Different types of mass spectrometer have different capabilities. A simple instrument will measure a set of molecular weights for the intact mixture of peptides. An instrument with MS/MS capability can additionally provide structural information by recording the fragment ion spectrum of a peptide. Usually, the digest mixture will be separated by chromatography prior to MS/MS analysis, so that MS/MS spectra from individual peptides can be measured.
The experimental mass values are then compared with calculated peptide mass or fragment ion mass values, obtained by applying cleavage rules to the entries in a comprehensive primary sequence database. By using an appropriate scoring algorithm, the closest match or matches can be identified. If the "unknown" protein is present in the sequence database, then the aim is to pull out that precise entry. If the sequence database does not contain the unknown protein, then the aim is to pull out those entries which exhibit the closest homology, often equivalent proteins from related species.
What is QconCAT?QconCATs are standards for protein quantification, based on the two principles of surrogacy and stable isotope labelled internal standardisation. They were invented by Rob Beynon Simon Gaskell and Julie Pratt.
The QconCAT itself is an artificial protein, created by de novo gene synthesis and prepared by heterologus expression, usually in bacteria.
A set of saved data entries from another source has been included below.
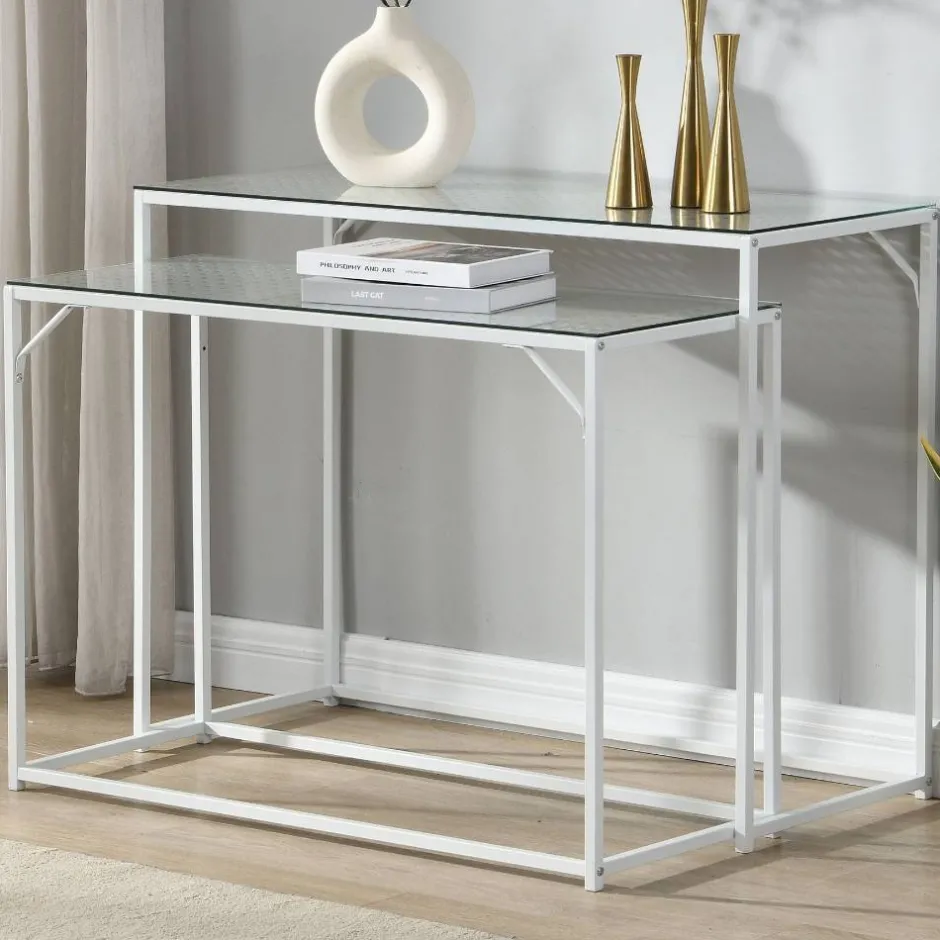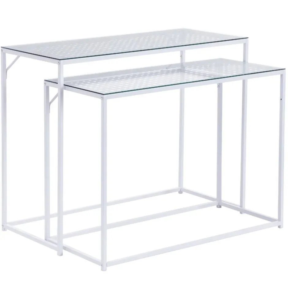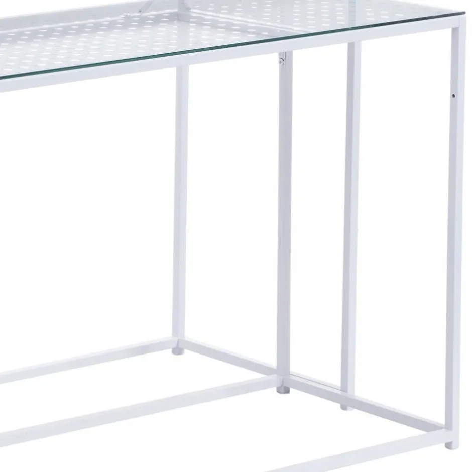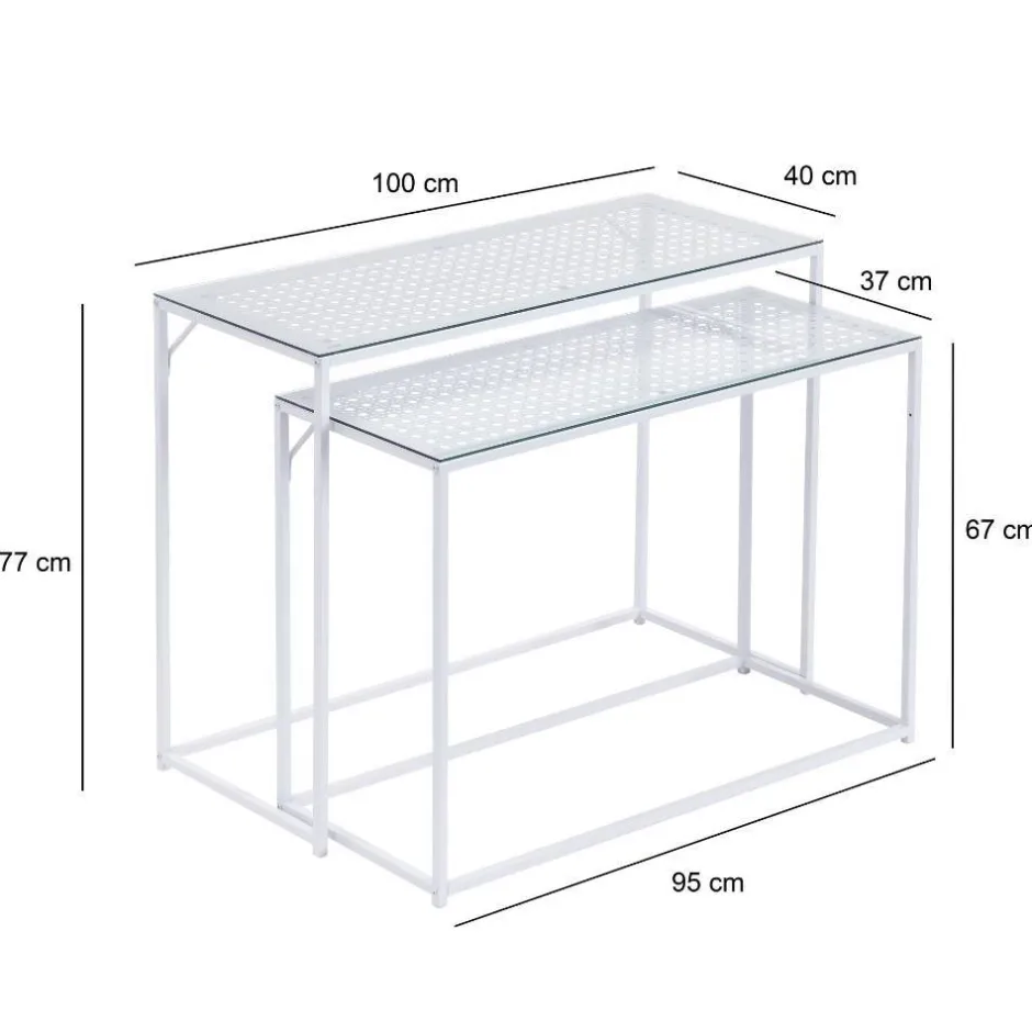 - Tischplatten aus klarem Sicherheitsglas, darunter dekorative Metallgitter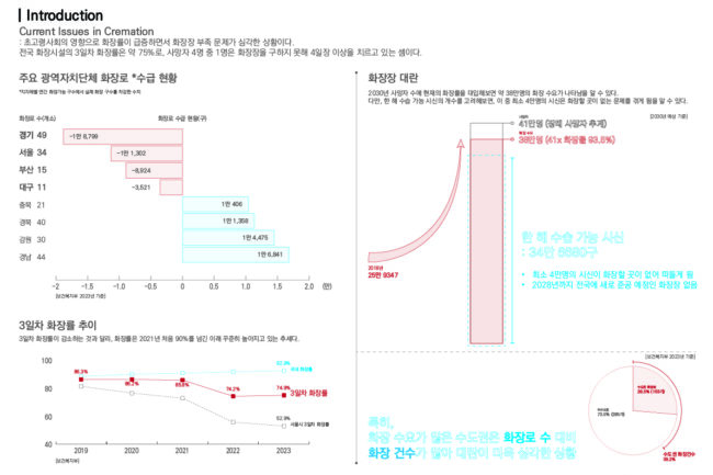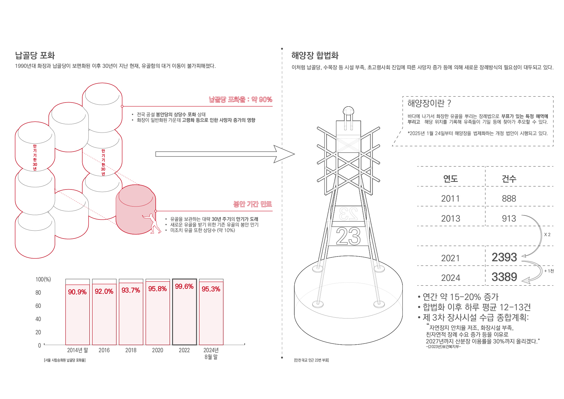 화장의 보편화와 납골 문화의 정착으로 장례 방식이 변화했지만, 초고령 사회로 인해 화장장과 납골당은 수요를 감당하지 못하고 있다. 전국 공설 봉안당은 대부분 90% 이상의 포화율을 보이며, 일부 지역에서는 화장 지연으로 인해 장례 일정이 늘어나는 사례도 빈번하다. 또한 유골 보관 주기인 30년이 도래하면서 대규모 이장 문제도 현실화되고 있다.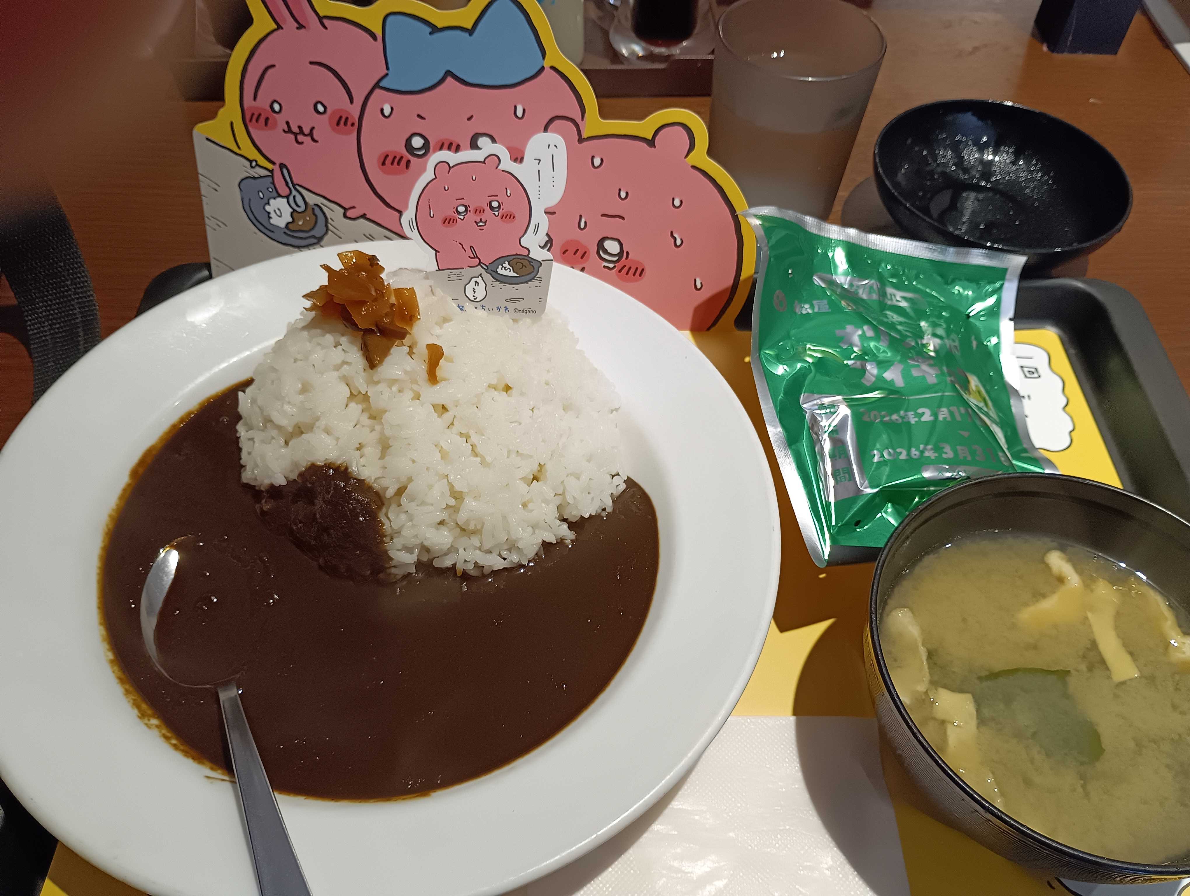 今日は、いい天気になりましたね。でも、朝の冷え込みは、やっぱり強い。日中は、それほど上がりませんでしたが…。今日は、有給休暇を取って、眼科の病院に。有休消化と、目薬をいただくため?次回の検査まで、期間があるので、その中間あたりで目薬通院1回。今日は、平日なので、それほど混まないかと思っていたのに。土曜日の混み方に比べたら、まだましかな?あの遠きは、病院内の待合室と、病院前の入り口周辺が、待合所に(笑)でも、今日は、それにちょっと近い感じ。ただ、お子様が少なかったので、ご家族連れが少なく。患者は多かったですが、院内で、待つことができた。私は、10時過ぎに入って、最初の検査は、11時10分ころ。目薬をもらうにしても、まず検査をしてからですから。次に、先生の問診が…。でも、12時まわったのかな?ちらっと聞こえてきた声からすると、今日は、予約の患者さんが多くて、予約なしは、その後回しに。ま、理由はわかりますから、待つしかないですね。今日は、目薬は院内処方だったので、会計後すぐもらえました。それでも、病院を出たのは、12時40分ころ。次からは、予約しないで入るときは、院長先生の診察の日以外(笑)そちらの方が、すいているらしい。検査するときは、予約をしますから、それほどはかからないで終わるはず。そうなると、この病院を選んだ理由が…。本当は、水曜日に有休消化と眼科をと思っていたのに…。ほかの日にするなら、ほかの眼科でもよかったかな?その時は、別な病院は、水曜日がお休みだったので、こちらに決まったのですが…。今日は、院長とは、ちょっと話をして。最近、視野のはずれの方で、白いものが見えると、話をしたら。ま、たぶん、緊急性はないと思うのと、緑内障関連ではなさそうとの話が。緑内障なら、その白い部分は、もうずーっと白いままになるはずだからと。それと、次回は検査の予定だし、その検査でも、その辺は、言われなくても検査項目に入っているからと。先生は、希望があれば、今日検査をしてもいいですよ、 とのお言葉をいただきましたが、緊急性がなければ、次回の検査で大丈夫かと。検査は時間がかかるので、今日は、もう時間が…。それと、別件で言われたことが。目はかゆくないですか?目薬はありますか? とたぶん今日の検査で、眼圧がちょっと上がっていた。もしかしてそれで、上がったのかも?花粉症対策の薬は、内科の病院でもらっていますが、目薬はもらっていないと話したら、処方しますかと。喜んでお願いしました(笑)やっぱり、最近、家で目がかゆいときが多いので、そのたびに、顔を洗ったりしていたので、目薬があると、いくらか楽になりそうな気もしたので。後は、白内障もちょっと言われたので、そろそろ、考えようかな?ただ、いい反面、面倒なことも一緒に考えないといけないので、ちょっと悩みますね。病院を出たら、先ほども書きましたが、もう午後?本当は、早めに終わって、ウオーキングをしてからお昼にしようと思っていたのに。仕方なく、ちょっとだけ歩いてからお昼に。松屋で、ちいかわの鬼辛カレーを。どうも、どこかとのコラボ商品?松屋×ちいかわコラボ前々からやっていたのですが、コラボ商品で、しかも子供向け?よくわからず、どうしようかと思っていたのですが。今日、思い切って頼んでみました(笑)今は、第2弾のようです。鬼辛という言葉に騙されましたね。いや、でも本当に辛いです。お子様向けではないような気がするのは私だけかな?間違いなく大辛以上?激辛になってしまうかも。食べるときは、辛さ対策をしっかりとって、食べてください(笑)私は、ご飯大盛りで(笑)ポテサラとか、生タマゴなども、有効かな?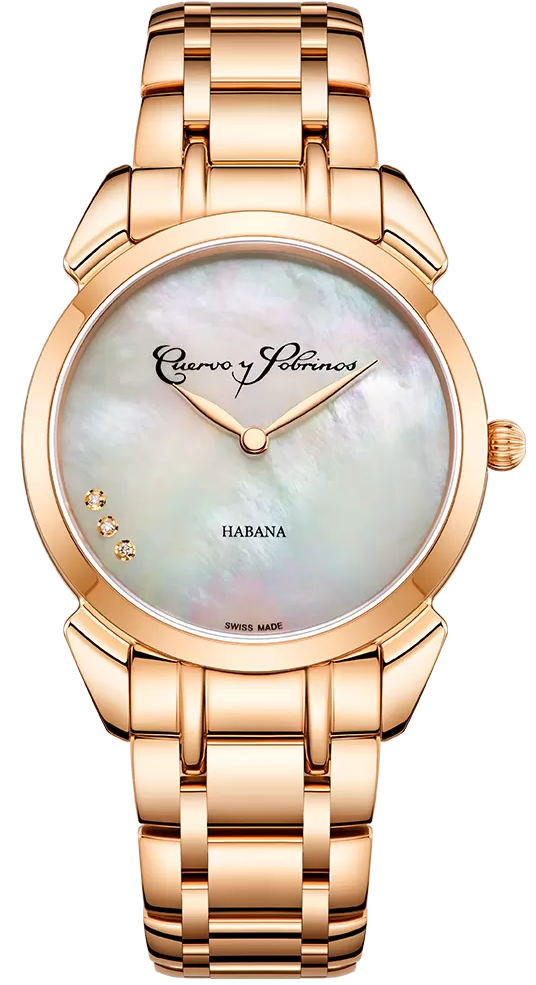 Cuervo y Sobrinos Watch Historiador Primera Dama Gold PVD White Bracelet 3113B.7W. The Cuervo y Sobrinos Historiador Primera Dama is inspired by the Golden years of Havana. The “Pearl of the Caribbean, at the end of the 19th century, was a privileged center of luxury and the beautiful world: a universe of glamour, luxury, music and dancing that attracted people for all continents. Feminine and elegant, inspired by the Art deco movement of the those years, this ladies' watch, which features numerous appealing details, is suitable for any occasion.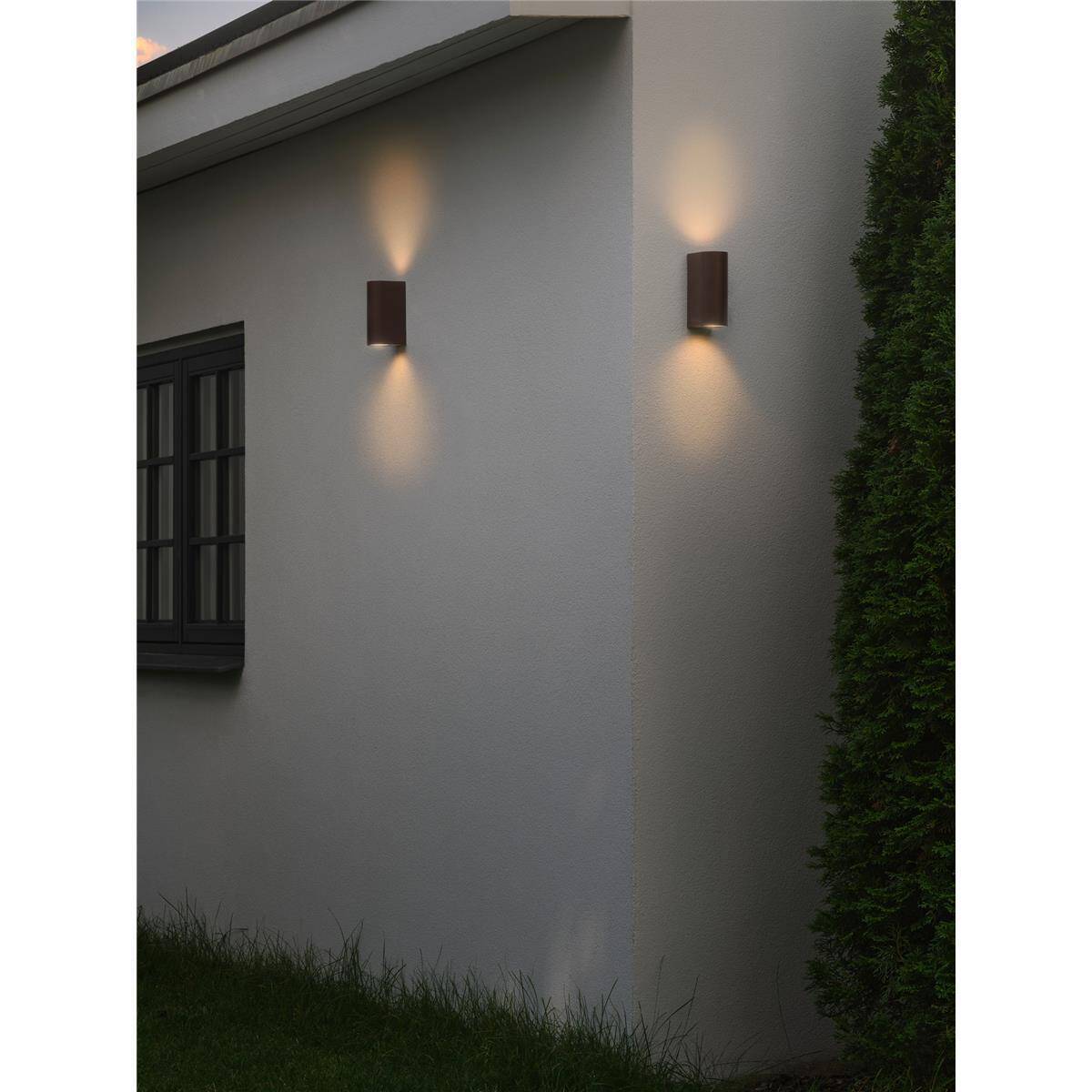 Die Dion Wandleuchte mit ihrem schön geschwungenen Design ist minimalistisch und elegant zugleich. Sie erzeugt nach oben und unten gerichtetes Licht und ist ideal für die Hausfassade, die Auffahrt oder den Haupteingang.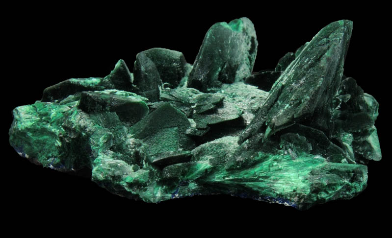 | Description: | Fibrous green malachite pseudomorphs after bladed azurite crystals to 15 mm. The azurite crystallized first, then altered molecule by molecule to fibrous malachite maintaining the original shape of the azurite crystals. Pseudomorph meaning: false form. Collected in 2012-2013 |
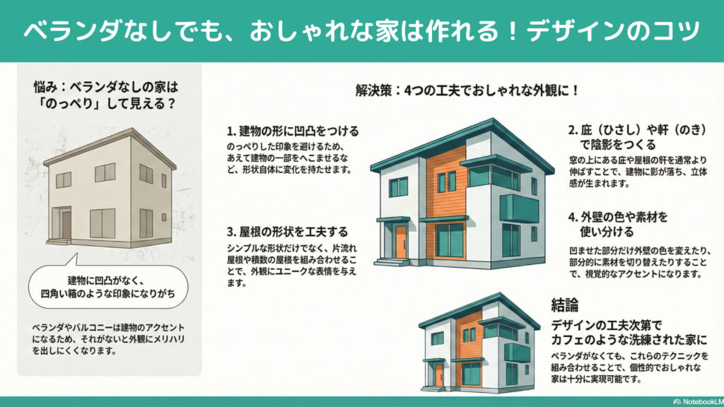 ベランダがないと建物の凹凸が少なくなり、外観にメリハリを出しにくくなるという悩みもよく聞きます。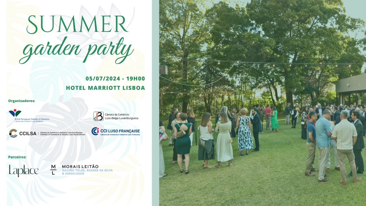 La Chambre de Commerce et d’Industrie Luso-Française, en collaboration avec les Chambres de Commerce Luso-Britannique, Luso-Belge-Luxembourgeoise et Luso-Sud-Africaine, a le plaisir de vous inviter à participer à la Summer Garden Party organisée dans les jardins de l'hôtel Marriott Lisbonne. Venez fêter l'été avec nous !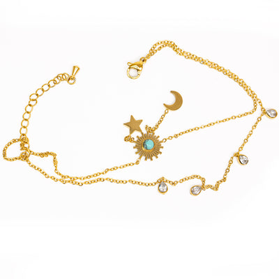 Stainless Steel Gold Moon, Stars & Rhinestone Anklet Jewelry
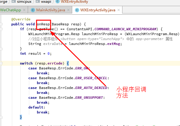 讯享网 @Override public void onResp(BaseResp resp) { if (resp.getType() == ConstantsAPI.COMMAND_LAUNCH_WX_MINIPROGRAM) { WXLaunchMiniProgram.Resp launchMiniProResp = (WXLaunchMiniProgram.Resp) resp; //对应小程序组件 <button open-type="launchApp"> 中的 app-parameter 属性 String extraData = launchMiniProResp.extMsg; } }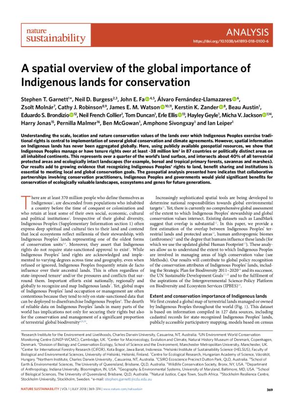 Understanding the scale, location and nature conservation values of the lands over which Indigenous Peoples exercise traditional rights is central to implementation of several global conservation and climate agreements

Can I have a copy of XXXXX software?The answer is, in most, instances, no. The proprietary software that is provided with instruments often includes a free results viewer, but will lack most analytical capabilities. Further, the raw data that derive from the instrument are usually subject to high level processing for discovery or comparative analyses. We have paid a great deal of money for these packages, and they are usually copy-protected and restricted to single computers. These computers are usually very highly specified, running 64-bit OS, with every enhancement for handling large data files, and also for speed.
In general, external users will expect us to perform most of the analyses as well, and thus, we will access these packages on your behalf. If you wish to become adept at running the software yourself, that is no problem, but access to the computers is chargeable as well, and we will also have to make a charge for training. This is the only way we can operate without PFG subsidising other groups research.